Welcome to the group.

AoG


----------



## arnisador (Feb 27, 2007)

Welcome! What art (if any) do you study?


----------



## Brian R. VanCise (Feb 27, 2007)

Welcome to MartialTalk!


----------



## terryl965 (Feb 27, 2007)

Welcome and happy posting can you give us some background on your training.


----------



## kidswarrior (Feb 27, 2007)

Welcome to MT! Glad you liked what you saw.


----------



## Tames D (Feb 27, 2007)

Welcome.


----------



## MJS (Feb 27, 2007)

Welcome to Martial Talk! 

Mike


----------



## matt.m (Feb 27, 2007)

welcome


----------



## Seahawk Guy (Feb 28, 2007)

Wow, thanks for the really great welcome! I have been training in Tae Kwon Do and Modern Arnis for just shy of 20 years.


----------



## Drac (Feb 28, 2007)

Greetings and Welcome to MT...


----------



## stickarts (Feb 28, 2007)

Welcome to MT!


----------



## fnorfurfoot (Feb 28, 2007)

Welcome to the site.


----------



## 14 Kempo (Feb 28, 2007)

Hello Seahawk Guy, welcome to MT and enjoy!


----------



## The Kidd (Feb 28, 2007)

Welcome and have fun!


----------



## Kacey (Feb 28, 2007)

Welcome, and happy posting!  :wavey:


----------



## Jade Tigress (Feb 28, 2007)

Welcome to Martial Talk!


----------



## Shaderon (Feb 28, 2007)

Welcome!   Another TKD person!  Eventually we'll take over the world!!  *cough cough* or not.. heehee


----------



## IcemanSK (Mar 2, 2007)

Welcome to MT! I take it you're a Seahawks fan


----------



## shesulsa (Mar 2, 2007)

Greetings and welcome from Southwest Washington


----------



## Seahawk Guy (Mar 2, 2007)

Hi Iceman, how did you guess that I am a Seahawk fan? Yeah, I have been a season ticket holder for about 10 years. God, I hate the offseason!


----------



## JBrainard (Mar 2, 2007)

Ave. I look forward to your contributions to our forum. Enjoy


----------



## kenpotroop (Mar 2, 2007)

Welcome seahawk guy, are you in Washington?


----------



## Seahawk Guy (Mar 2, 2007)

Thanks, Kenpotroop. Yes, I am in the Seattle area (Eastside).


----------



## Blindside (Mar 2, 2007)

Do you study with Mr. Hufana?

(its like 20 questions! )


----------



## Seahawk Guy (Mar 2, 2007)

No, blindside, but I have meet him on several occasions. It has been a while since I have seen him.

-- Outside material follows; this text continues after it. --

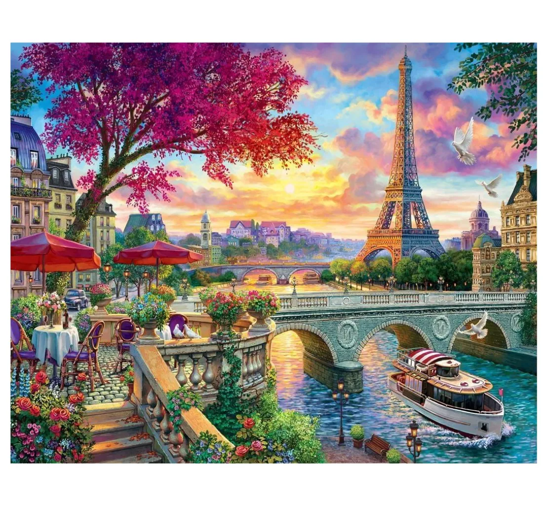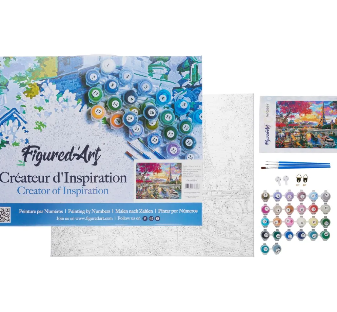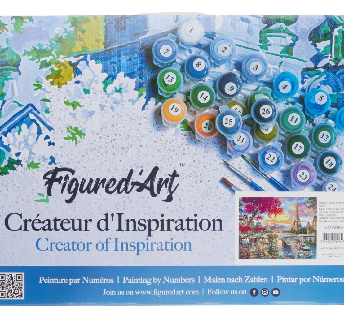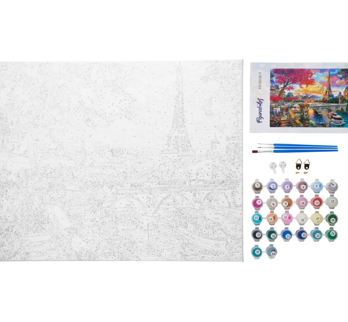Paris, die Stadt der Liebe! Gestalten Sie mit Malen nach Zahlen „Abendessen an der Seine“ ein detailreiches Kunstwerk mit einem tollen Motiv aus Paris mit Blick auf den Eiffelturm. Der Keilrahmen hat eine Größe von ca. 40 x 50 cm und ist mit nummerierten Flächen bedruckt, die mit den entsprechenden Farben ausgemalt werden müssen. Jeder Nummer ist eine Farbe zugeordnet, sodass genau ersichtlich wird, wohin welcher Farbton gehört.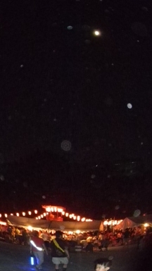 今年も恒例の瀬田商店会主催の納涼盆踊り大会がやってきました。暑い夏の夜にやぐらの提灯と和太鼓の音が瀬田の夏を演出します。恒例のビンゴ大会からスタートし、おやじバンドはC昇降口の上での演奏です。月夜の明かりも交わり、盆踊りにふさわしい夜です。

The last time was at one of the Professors seminars that he had at his school. He seems to be a very good instructor and martial artist, as well as a genuine nice guy.


----------



## bluemtn (Mar 2, 2007)

Welcome and happy posting!


----------



## Jonathan Randall (Mar 7, 2007)

*Welcome to Martial Talk!*


----------